Q.4 Can the registered person claim a refund in respect of interest paid earlier, even though the balance was available in the Electronic Cash ledger?
Ans. There is no explicit provision in the GST law that restricts the registered person from claiming a refund. Taking a view that as the amendment is prospective, any interest paid with regard to the delayed filing of the return even though the balance was available in the electronic cash ledger would not be eligible for refund, would become an injustice to the registered person who has properly complied with the GST law. Hence, I am of the view that wherever the registered person has paid interest in respect of the delayed filing of returns, it is suggested to apply for a refund within the due date specified u/s 54 of the CGST Act,2017.
Other Points to ponder:
I. Impact on cash available in the Electronic Cash ledger of the different GSTIN of the registered person.
II. Cash available in the Electronic Cash Ledger under different heads i.e. Penalty, Interest, etc.
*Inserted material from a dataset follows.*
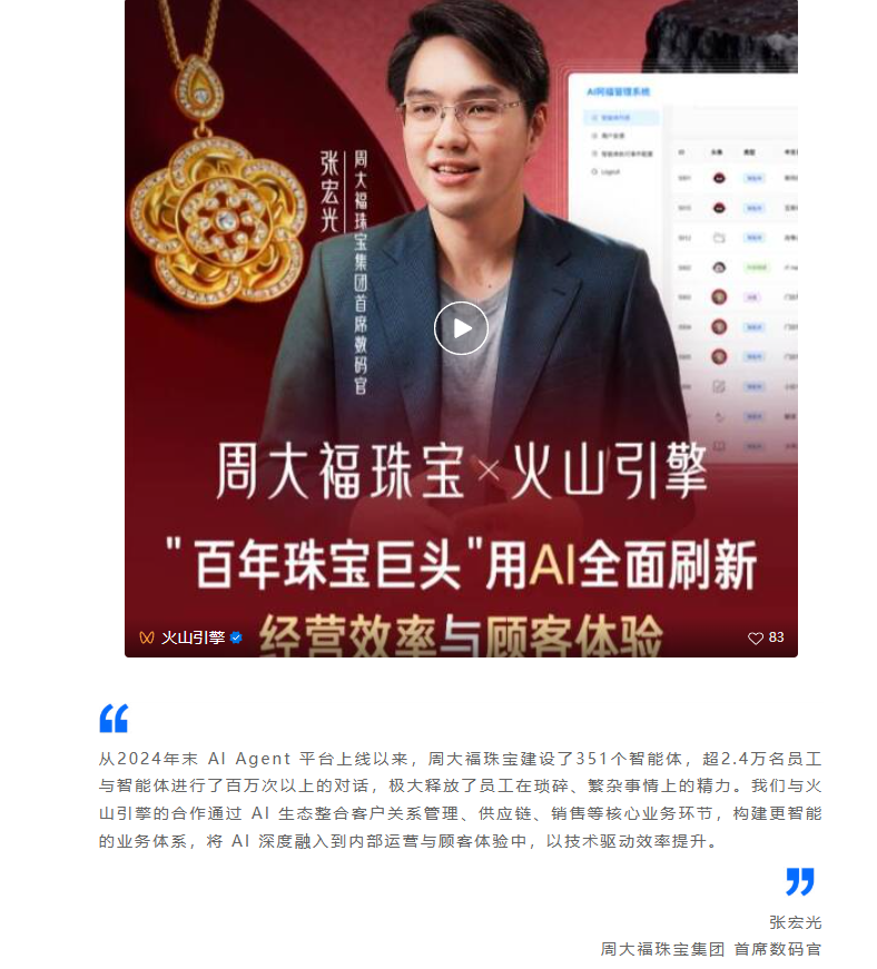 12月25日消息,火山引擎今日在公众号发文称,周大福珠宝通过与字节火山引擎合作构建了统一的“AI Agent平台”,并打造“AI阿福智能体家族”。目前超过350个智能体已经开始辅助市场、财务、人力资源等业务线员工进行工作。

The above is only an indicative list and there could be multiple other scenarios, wherein the registered person would be impacted.
Conclusion:
Although the government has made efforts to reduce the interest burden by amending the CGST Rules, 2017, there remain several unresolved ambiguities that the department needs to address. To effectively ease the interest burden on past cases, it is essential for the department to issue clarifications. These clarifications should not only provide relief for historical cases but also offer detailed instructions on how the amended rules can be applied in various other scenarios.